====== Given records ======

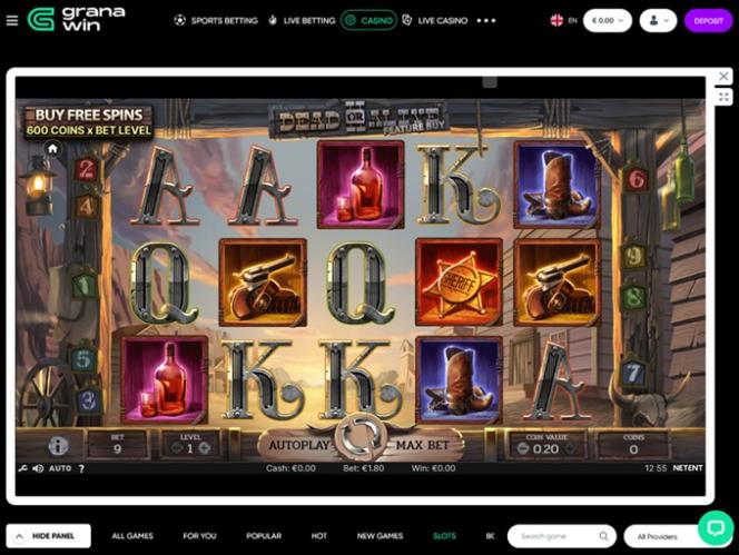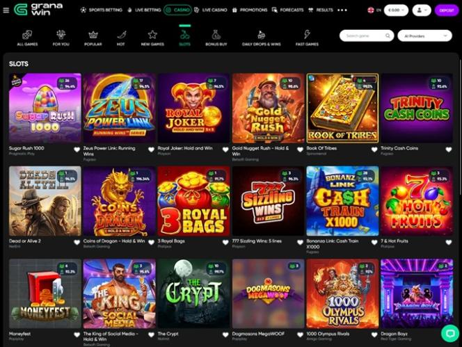 GranaWin on monipuolinen nettikasino, joka avasi ovensa vuonna 2024 ja on houkutellut verkkosivustolleen suuren yleisön kanadalaisia, saksalaisia , sveitsiläisiä ja itävaltalaisia pelaajia tarjoamalla laajan kirjaston kasinopelejä ja urheiluvedonlyöntivaihtoehtoja sekä vankan kampanjaohjelman, jossa on runsaita bonuksia ja palkintoja. Brändillä on valtava kirjasto kolikkopelejä, live-jakajia, pöytäpelejä ja crash-pelejä pelaajien nautittavaksi.
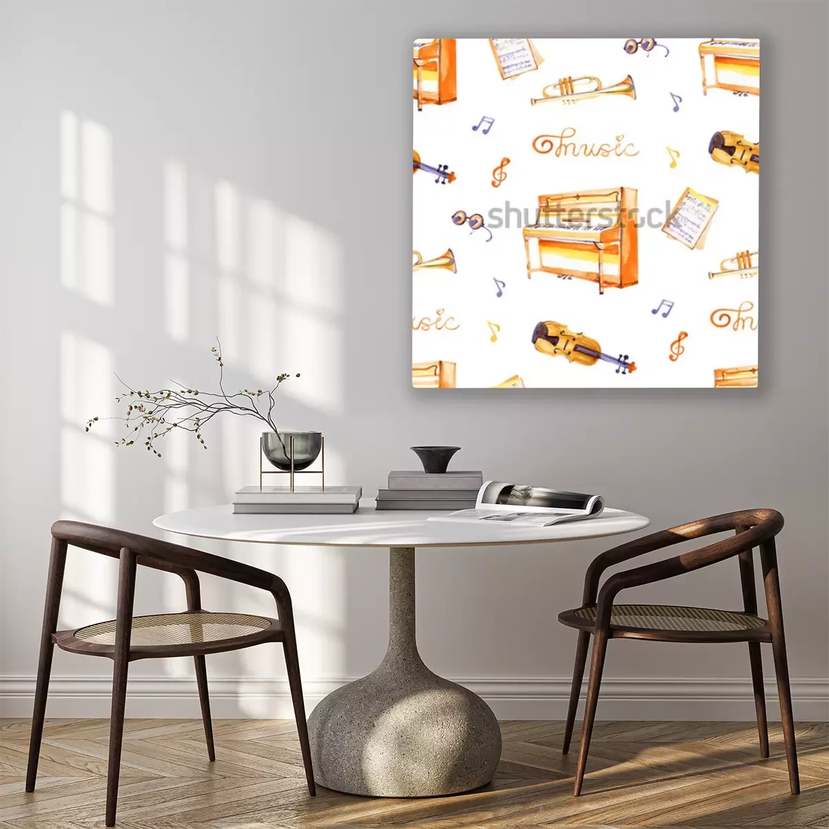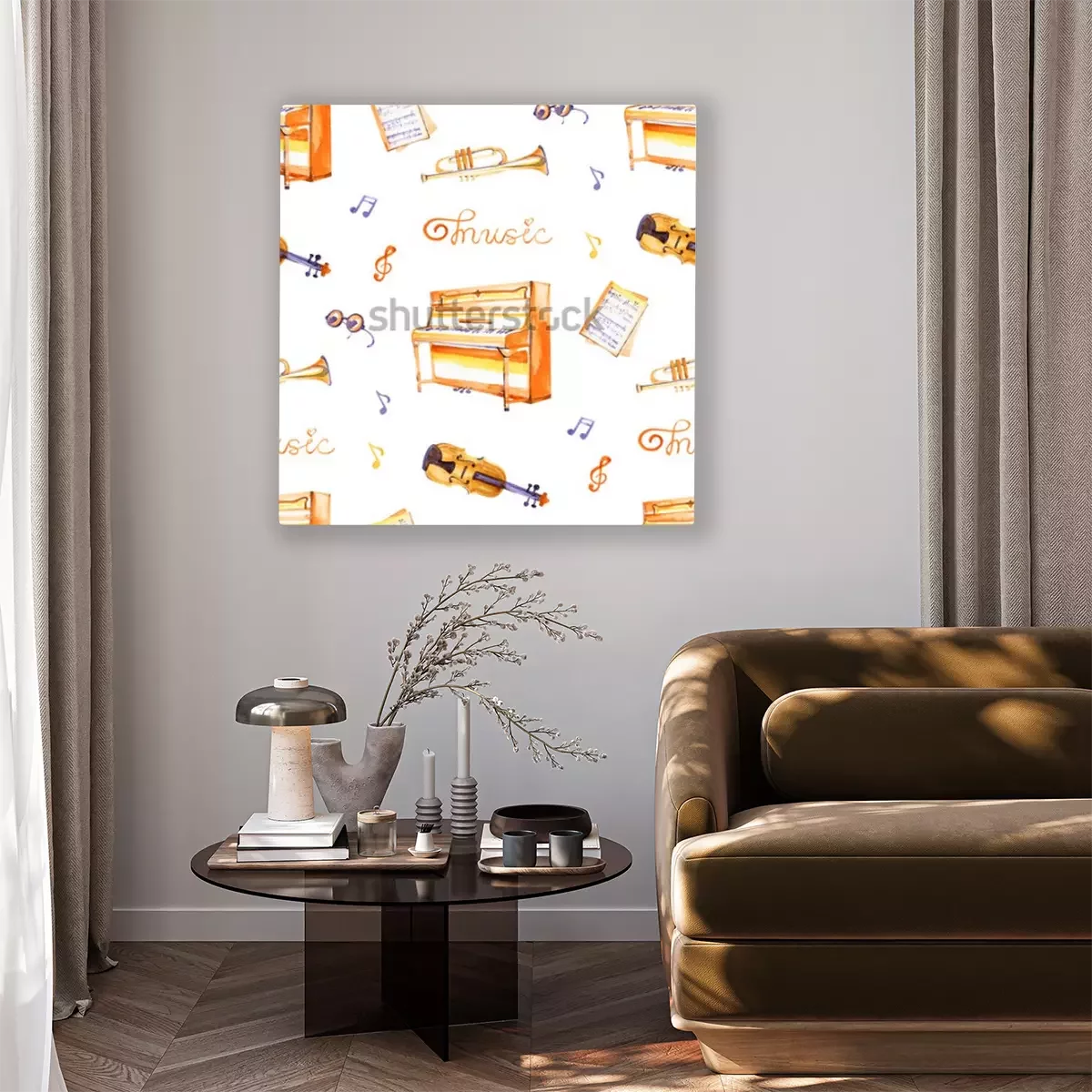 Tableau  Un modèle sans couture avec des instruments de musique dessinés à la main sur une texture de fond aquarelle.
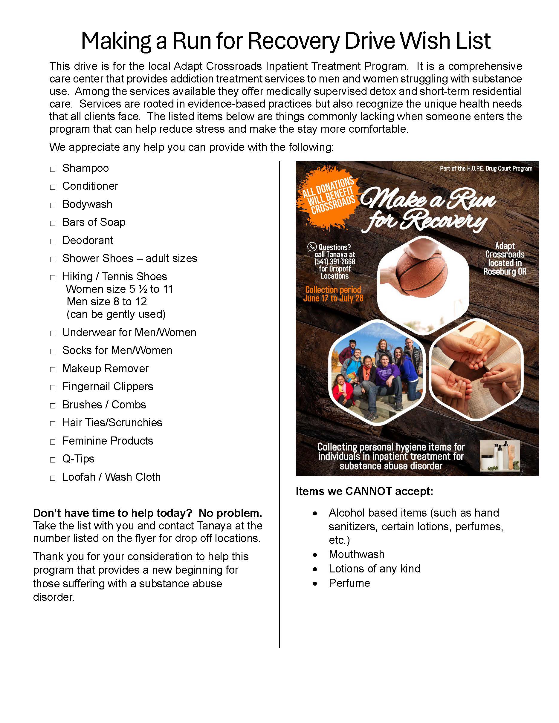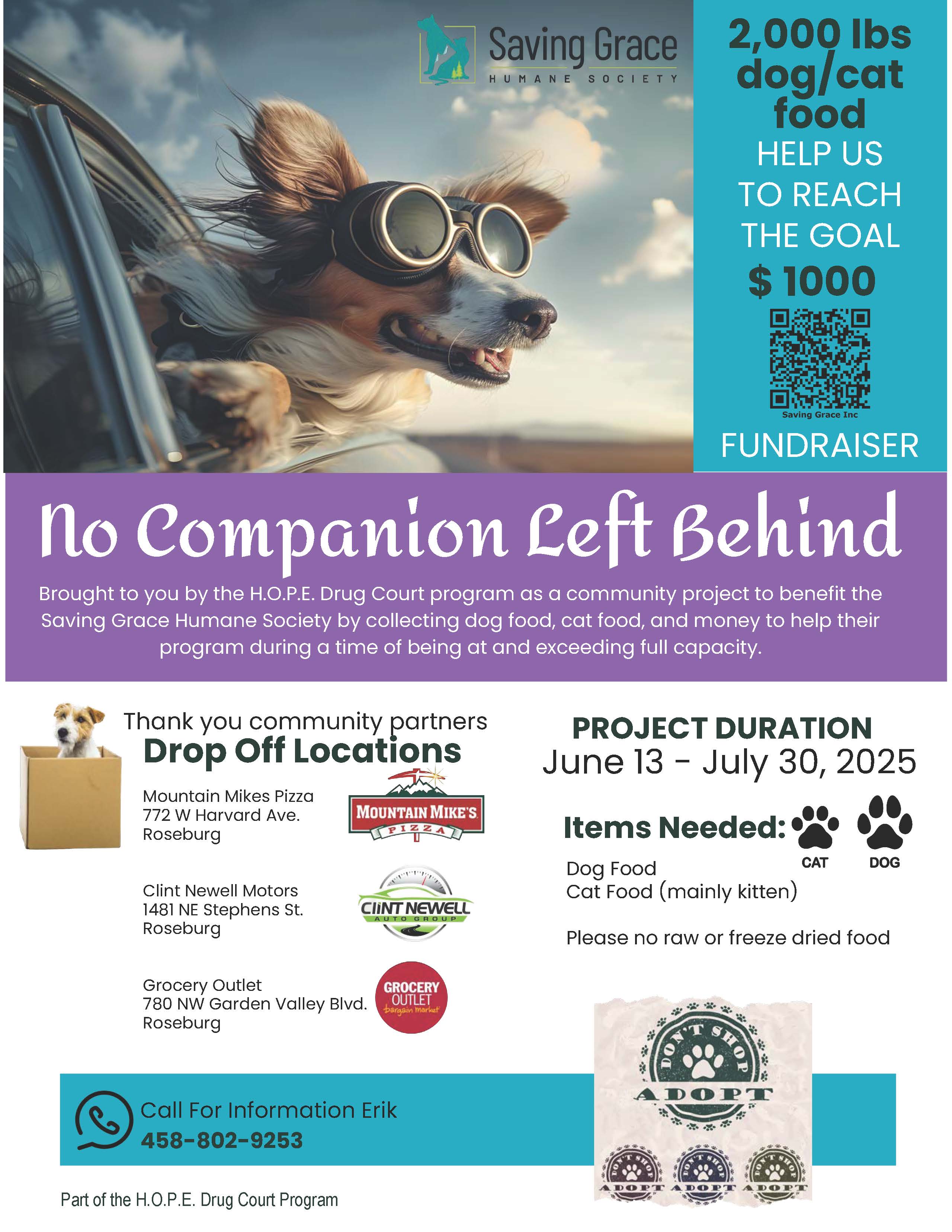 Roseburg, OR — The H.O.P.E. Adult Drug Court will celebrate its 111th graduation ceremony on Tuesday, December 16, 2025, at the Douglas County Fairgrounds – Cascade Hall, beginning at 5:15 p.m. The ceremony will be presided over by The Honorable Robert B. Johnson, who leads the adult drug court program.
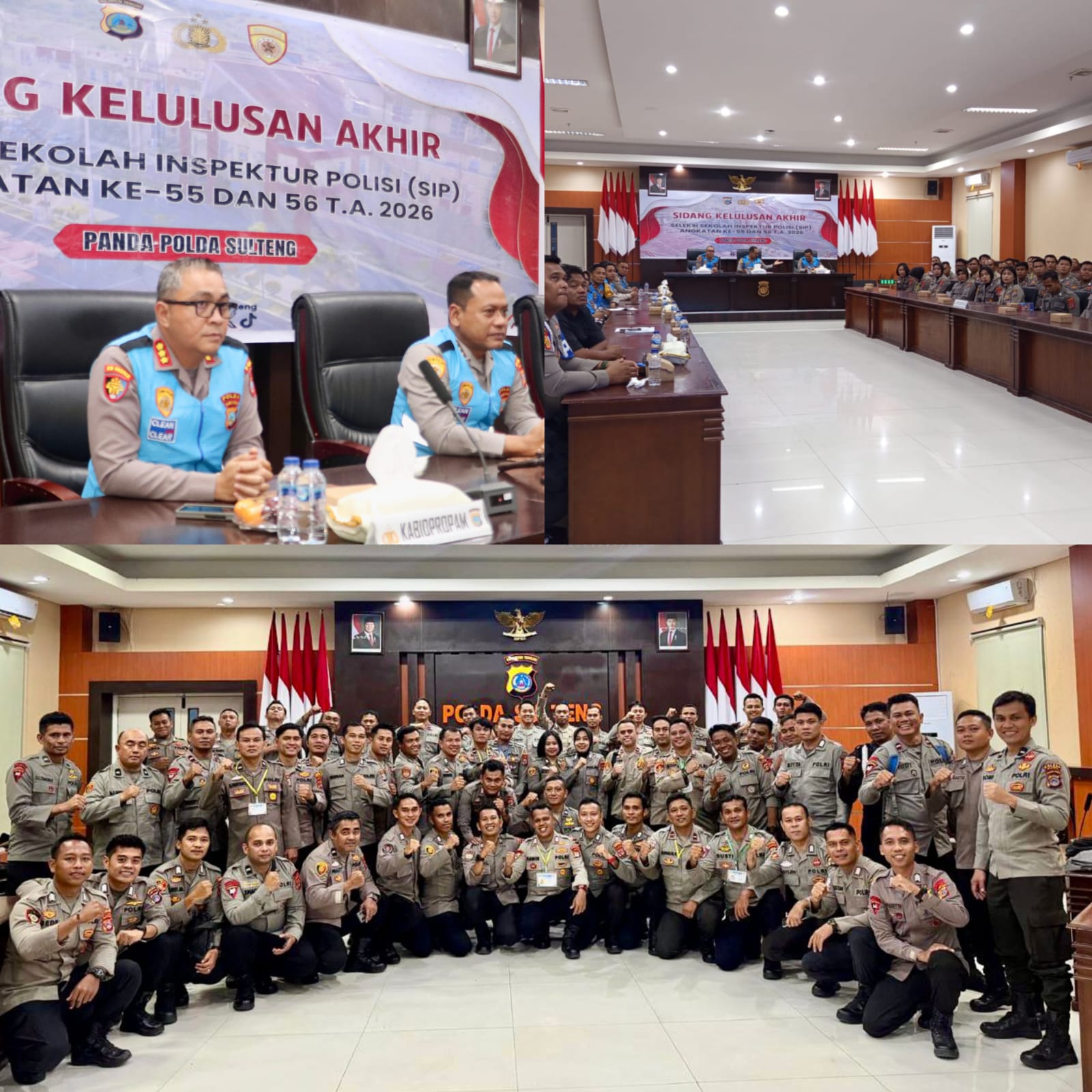PALU, SULTENG- MEDIA ONLINENEWS. ID//Proses seleksi pendidikan Sekolah Inspektur Polisi (SIP) Angkatan ke-55 dan 56 Tahun Ajaran 2026 di lingkungan Polda Sulawesi Tengah memasuki tahap akhir. Hal itu ditandai dengan pelaksanaan sidang kelulusan tingkat Panitia Daerah (Panda) yang berlangsung di Aula Rupatama Polda Sulteng, Selasa (30/12/2025).
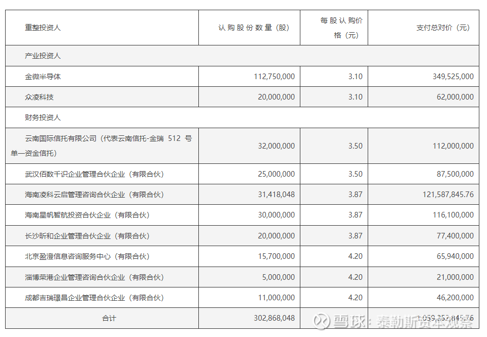 本次重整中,产业投资人与财务投资人合计出资约10.59亿元,取得重整后约3.03亿股股票,各投资人认购股份数量、认购价格、投资对价具体如下:
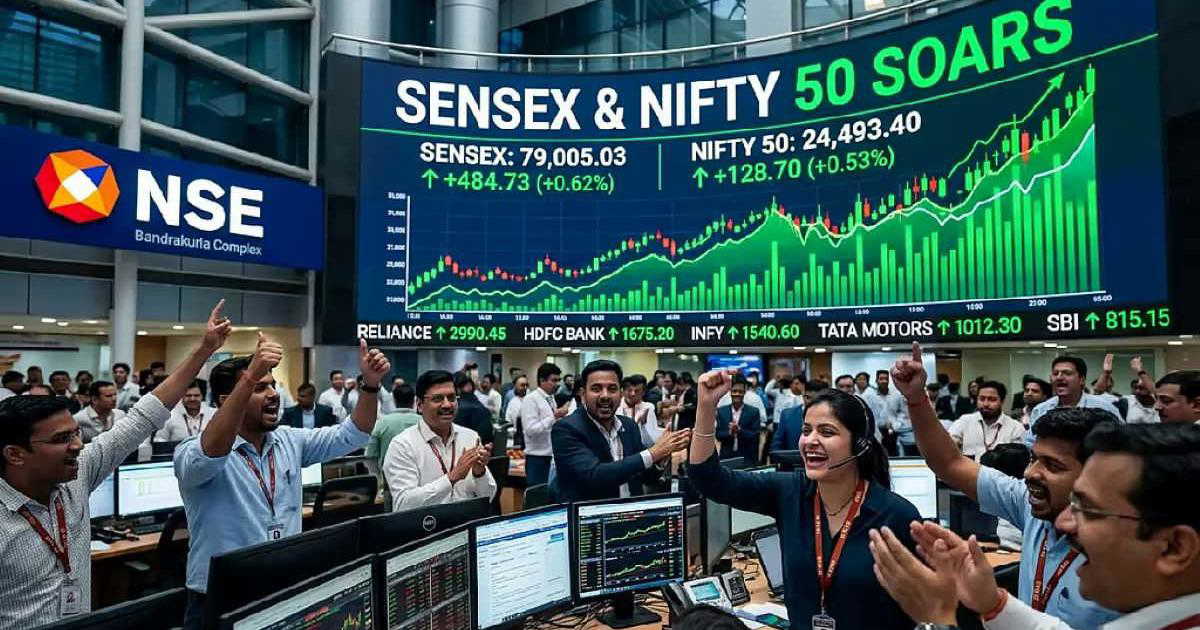नई दिल्ली: घरेलू शेयर बाजार में आज शुरुआती कारोबार के दौरान तेजी का रुख बना हुआ नजर आ रहा है। आज के कारोबार की शुरुआत मामूली बढ़त के साथ हुई थी। बाजार खुलने के कुछ देर बाद ही खरीदारों ने लिवाली का जोर बना दिया, जिसकी वजह से सेंसेक्स और निफ्टी दोनों सूचकांकों की चाल में तेजी आ गई। सुबह 10 बजे तक का कारोबार होने के बाद सेंसेक्स 0.63 प्रतिशत और निफ्टी 0.56 प्रतिशत की मजबूती के साथ कारोबार कर रहे थे। आज प्रातः 10 बजे तक का कारोबार होने के बाद स्टॉक मार्केट के दिग्गज शेयरों में से नेस्ले इंडिया, एक्सिस बैंक, एशियन पेंट्स, अदानी पोर्ट्स और टाटा कंज्यूमर प्रोडक्ट्स के शेयर 1.68 प्रतिशत से लेकर 0.72 प्रतिशत की मजबूती के साथ कारोबार कर रहे थे। दूसरी ओर, एसबीआई लाइफ इंश्योरेंस, एचडीएफसी लाइफ, डॉ रेड्डीज लेबोरेट्रीज, इंफोसिस और जियो फाइनेंशियल के शेयर 3.19 प्रतिशत से लेकर 0.50 प्रतिशत की गिरावट के साथ कारोबार करते हुए नजर आ रहे थे।

======

-- What you should do --
Look above for the line containing "Roseburg, OR —", then copy exactly from it through the line containing "本次重整中,产业投资人与财务", keeping both and leaving out pictures. Add nothing else.

-- Expected answer --
 Roseburg, OR — The H.O.P.E. Adult Drug Court will celebrate its 111th graduation ceremony on Tuesday, December 16, 2025, at the Douglas County Fairgrounds – Cascade Hall, beginning at 5:15 p.m. The ceremony will be presided over by The Honorable Robert B. Johnson, who leads the adult drug court program.
PALU, SULTENG- MEDIA ONLINENEWS. ID//Proses seleksi pendidikan Sekolah Inspektur Polisi (SIP) Angkatan ke-55 dan 56 Tahun Ajaran 2026 di lingkungan Polda Sulawesi Tengah memasuki tahap akhir. Hal itu ditandai dengan pelaksanaan sidang kelulusan tingkat Panitia Daerah (Panda) yang berlangsung di Aula Rupatama Polda Sulteng, Selasa (30/12/2025).
 本次重整中,产业投资人与财务投资人合计出资约10.59亿元,取得重整后约3.03亿股股票,各投资人认购股份数量、认购价格、投资对价具体如下:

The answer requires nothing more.